I do agree offering them too many options is not a good thing, which is why I offer only one or two options. I am not a fan of the good better best... just better best. However during my presentation which is an informal educational conversation, I throw out lots of options at the customer to gauge their reactions which allows me to tailor my actual proposal, that's when I narrow down exactly what we are going to do and throw on one or two options. 

What makes them crap? We do alot of repairs to other peoples roofs. Many of the roofs we repair are OC. The guys don't like the feel of working with them. They are cheap flimsy builder grade production shingles. Inferior to an old timberline (before they bought Elk and started reducing the asphalt per shingle) and definetly inferior to a Landmark.

I wish I had a 50% closing ratio and I could if I decreased my profit, since I consistantly bid against people near half my price for a shingle roof. However I sometimes think people do not truly track their numbers and are just plucking a gutt feeling number from air when I hear nice even round numbers like 50%. Every sales rep I interview to work for me has a 50% closing ratio, so they claim. I then go on to ask them why they are looking for work if they are such great sales reps. I press hard for where that number came from and often, as I said, it's based on a gutt feeling. The mind has a terrible habit of hazing ones memory. 

Jack if you are doing storm chasing sales, as I think you are, 50% is low for offering a free roof.


----------



## Slyfox

I haven't did any type of tracking since 2003, with one crew going since than the numbers are not high volume enough to bother with.
When I was running multiple crews and spending time daily behind a desk and running around to several jobs a day I kept daily, weekly, monthly, quarterly records of dozens of different activities such as sales, repairs, call backs, etc.

My numbers for sales with one crew stay around 60%.
In the 90's when I was not the only one selling, our combined numbers stayed around 35 - 40%, but my personal numbers were never that low.

I didn't go from multiple crews to one because of sales or workmanship,
it was a combination of coming to terms with and dealing with a bad habit.
The down fall of the economy, which started here in my area in mid 2005,
has prolonged my re-establishing multiple crews, but it will happen.


----------



## Grumpy

I've been thinking chris at NRG has the right idea. Screw these little jobs take on only jobs with very very large margin, keep the overhead low, do a coupe of jobs a year and make a few hundred K. My quality of life sucks constantly recruiting, hiring, training, and firing sales reps... then busting my ass to support the entire conmpany on my shoulders which should be support by multiple sales reps.
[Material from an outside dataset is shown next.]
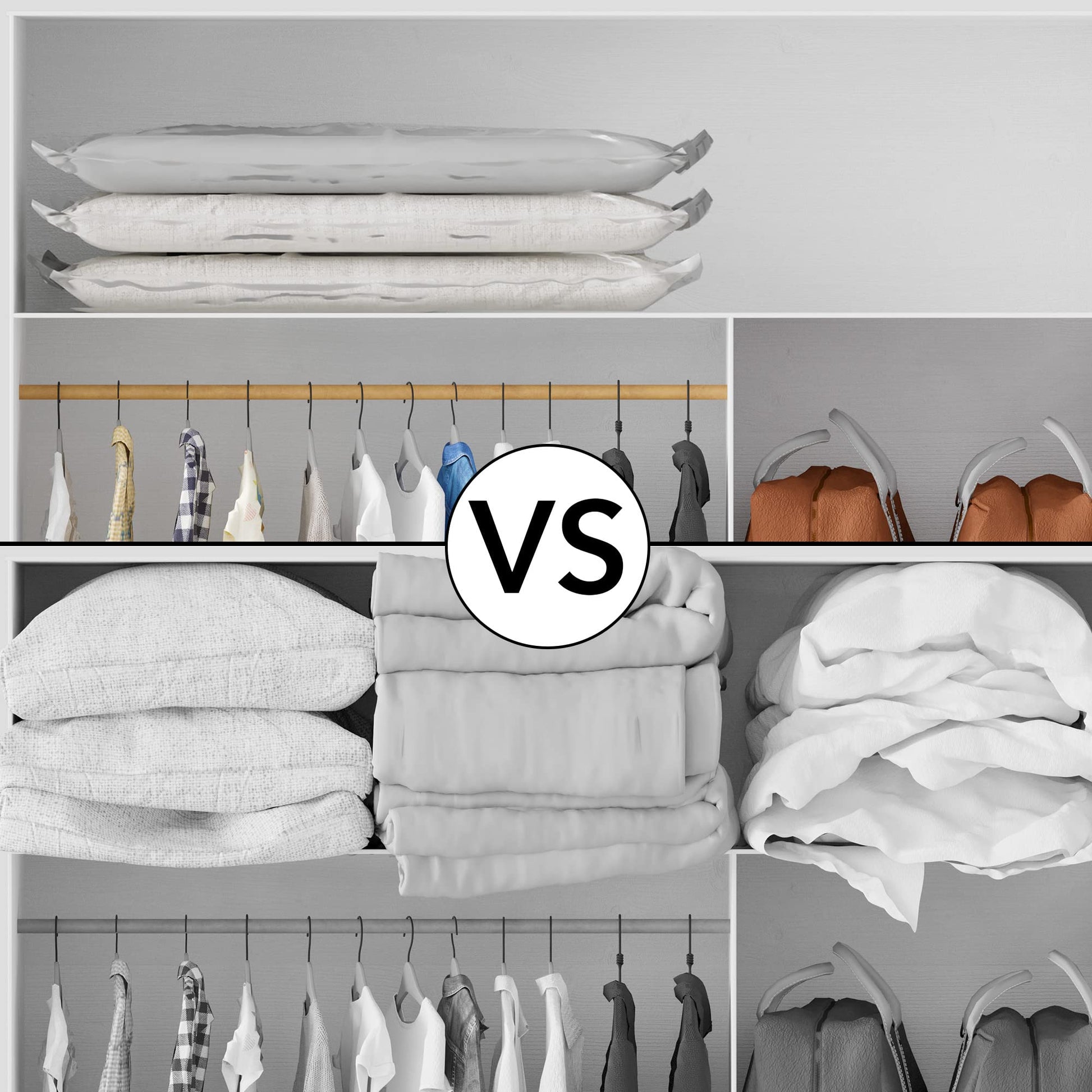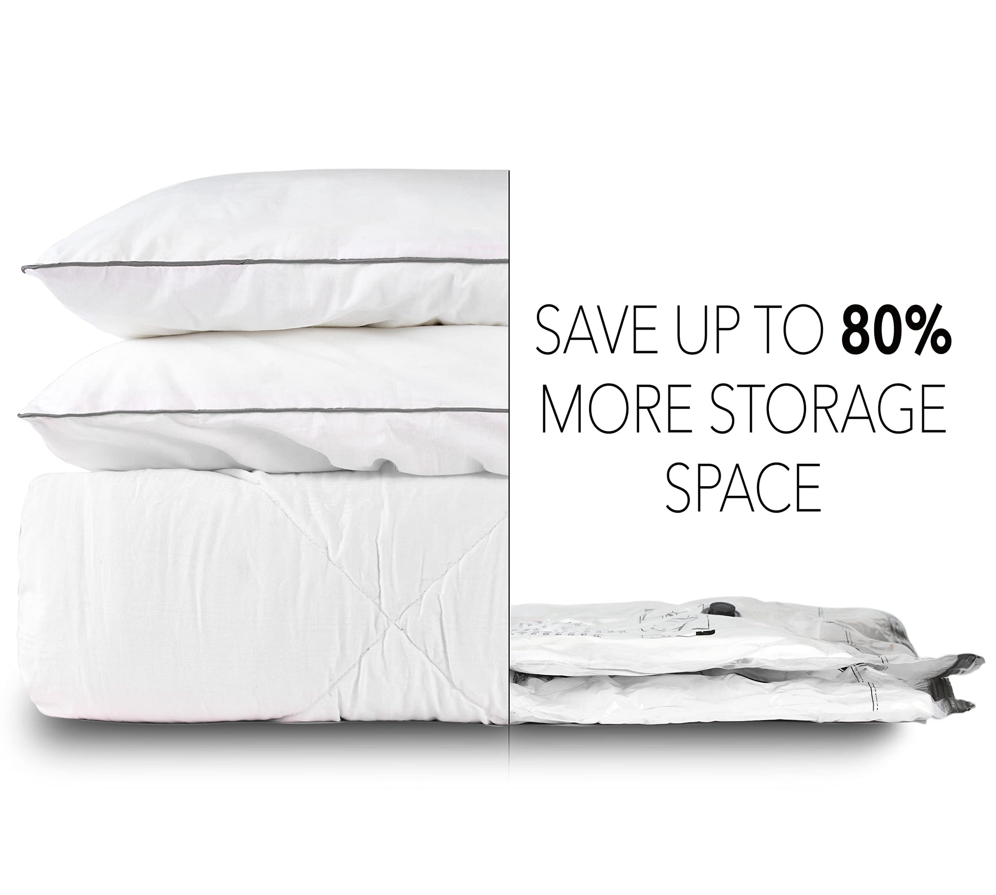 • Create Space: Squeeze and compress the air out of your bulky or seasonal belongings to compact and modular storage in wardrobe, closet, suitcase, or underbed
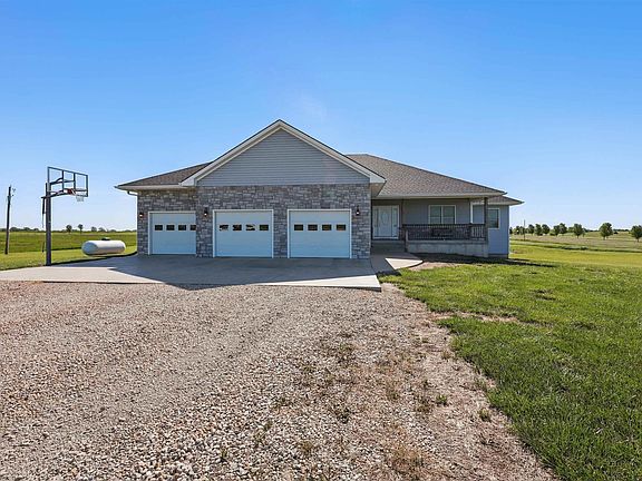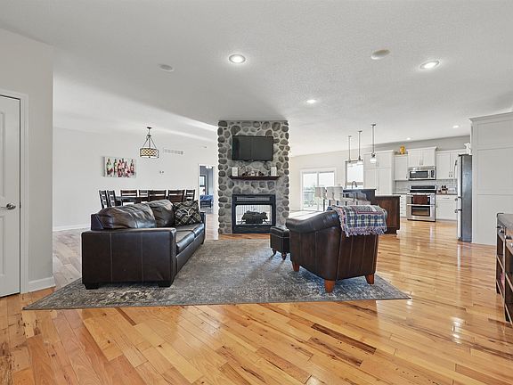 Nestled on just under 10 acres of peaceful countryside, this beautifully designed 5-bedroom, 3.5-bathroom walk-out ranch offers the perfect blend of luxury, comfort, and privacy. Step into the open-concept main floor featuring hardwood floors and a striking see-through stone fireplace that adds warmth to both the living and dining areas. The spacious kitchen seamlessly connects to the living space, making it ideal for entertaining or enjoying family time. The main level boasts 4 generously sized bedrooms, including a luxurious primary suite complete with his and hers walk-in closets, a spa-like bathroom featuring a jetted tub, a large walk-in shower, and dual vanities. A conveniently located laundry room and half bath completes the main floor layout. Downstairs, the finished walk-out basement is a true retreat with a custom wet bar, additional bedroom, full bathroom, bonus room perfect for a home gym or office, and a large storage area. Step outside to your expansive deck that overlooks a serene pond and fire-pit area—ideal for summer evenings under the stars or peaceful mornings with coffee and a view. With ample indoor and outdoor living space, this exceptional property offers the tranquility of country living just minutes from modern conveniences. Schedule your private showing today—this one won’t last long!

I do very well myself, exactly as you described... but why spend the same ammount of time chasing $8k jobs where I am the highest bidder by far when I can spend the same ammount of time chasing $100k jobs where I am the same ball park as every other bidder.


I should just get a job selling for a commercial roofing company, keep working 60 hour weeks and make a fuggin killing on commissions and not have to worry abotu supporting anyone's family other than my own. If I am selling in the 40% closing rate, but can't find someone to do better than 20%, what's the point?


----------



## Slyfox

I hear ya,
I was talking to Chris on the phone the other day and the subject of him only doing a couple / few jobs a year came up, he seems very content with the way he's doing things.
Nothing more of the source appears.